How comes the amazing result in Fetch_pick_and_place-v1?

TianhongDai / hindsight-experience-replay

This is the pytorch implementation of Hindsight Experience Replay (HER) - Experiment on all fetch robotic environments.

MIT License

402 stars 75 forks source link

How comes the amazing result in Fetch_pick_and_place-v1? #7

Closed HeegerGao closed 4 years ago

HeegerGao commented 4 years ago

Hi, I find that it is pretty fast to train the agent in the Fetch_pick_and_place-v1 environment without using demonstrations. As we all know, this is a two-stage task, and the reward is quite sparse, which makes it the most difficult task in Fetch_Robot envs. But the time of training the agent in Fetch_pick_and_place-v1 using your code is not much longer than training in other environments(Reach, Slide and Push).

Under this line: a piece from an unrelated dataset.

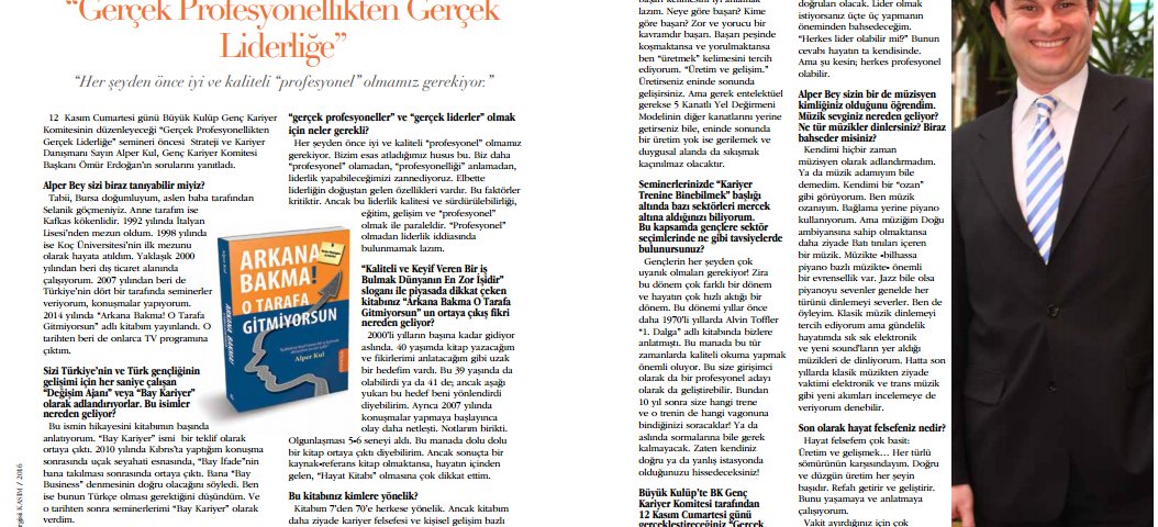 Her şeyden önce iyi ve kaliteli “profesyonel” olmamız gerekiyor. Bizim esas atladığımız husus bu. Biz daha “profesyonel” olamadan, “profesyonelliği” anlamadan, liderlik yapabileceğimizi zannediyoruz. Elbette liderliğin doğuştan gelen özellikleri vardır. Bu faktörler kritiktir. Ancak bu liderlik kalitesi ve sürdürülebilirliği, eğitim, gelişim ve “profesyonel” olmak ile paraleldir. “Profesyonel” olmadan liderlik iddiasında bulunmamak lazım. “Kaliteli ve Keyif Veren Bir iş Bulmak Dünyanın En Zor İşidir” sloganı ile piyasada dikkat çeken kitabınız “Arkana Bakma O Tarafa Gitmiyorsun” un ortaya çıkış fikri nereden geliyor? 2000’li yılların başına kadar gidiyor aslında. 40 yaşımda kitap yazacağım ve fikirlerimi anlatacağım gibi uzak bir hedefim vardı. Bu 39 yaşında da olabilirdi ya da 41 de; ancak aşağı yukarı bu hedef beni yönlendirdi diyebilirim. Ayrıca 2007 yılında konuşmalar yapmaya başlayınca olay daha netleşti. Notlarım birikti. Olgunlaşması 5-6 seneyi aldı. Bu manada dolu dolu bir kitap ortaya çıktı diyebilirim. Ancak sonuçta bir kaynak-referans kitap olmaktansa, hayatın içinden gelen, “Hayat Kitabı” olmasına çok dikkat ettim. Bu kitabınız kimlere yönelik? Kitabım 7’den 70’e herkese yönelik. Ancak kitabım daha ziyade kariyer felsefesi ve kişisel gelişim bazlı olduğu için elbette daha çok gençlere hitap ediyor. Ama benim yazarken temel amacım sadece kariyer sistemlerine girmek değildi. Makro yorumlar ve genel gidişatı da anlatmaya çalıştım. Bu manada herkese hitap ediyor diyebilirim.

I find you are mainly using code from OpenAI Baselines, but their results show that we need very long time to train the agent in Fetch_pick_and_place-v1 environment if we don't use demonstartions. How do you explain it? Thank you!

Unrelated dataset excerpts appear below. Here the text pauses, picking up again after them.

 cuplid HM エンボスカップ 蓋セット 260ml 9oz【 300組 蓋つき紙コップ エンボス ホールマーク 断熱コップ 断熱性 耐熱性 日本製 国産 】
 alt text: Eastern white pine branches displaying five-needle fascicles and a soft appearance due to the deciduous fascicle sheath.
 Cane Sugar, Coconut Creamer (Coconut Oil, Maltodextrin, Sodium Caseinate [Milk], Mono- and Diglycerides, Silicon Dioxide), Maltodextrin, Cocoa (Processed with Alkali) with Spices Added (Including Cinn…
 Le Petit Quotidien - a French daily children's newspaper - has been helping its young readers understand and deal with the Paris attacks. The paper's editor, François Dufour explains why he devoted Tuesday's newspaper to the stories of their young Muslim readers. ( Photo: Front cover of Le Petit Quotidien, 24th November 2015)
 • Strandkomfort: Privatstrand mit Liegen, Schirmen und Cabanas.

henrycharlesworth commented 4 years ago

It's all slightly confusing but I think they're using a different version of the environment when they use demonstrations. If you compare to the HER results of Plappert et al. (https://arxiv.org/pdf/1802.09464.pdf) then the results here are consistent. I have a suspicion the environment they use in what you linked to above is FetchPickAndPlace where all of the goals are above the table (in FetchPickAndPlace-v1 half of the goals are on the table surface, which I expect makes it easier to start learning).

HeegerGao commented 4 years ago

It's all slightly confusing but I think they're using a different version of the environment when they use demonstrations. If you compare to the HER results of Plappert et al. (https://arxiv.org/pdf/1802.09464.pdf) then the results here are consistent. I have a suspicion the environment they use in what you linked to above is FetchPickAndPlace where all of the goals are above the table (in FetchPickAndPlace-v1 half of the goals are on the table surface, which I expect makes it easier to start learning).

Yes, you are right. Thanks for your reminding. The paper also mentioned it at the end page 5.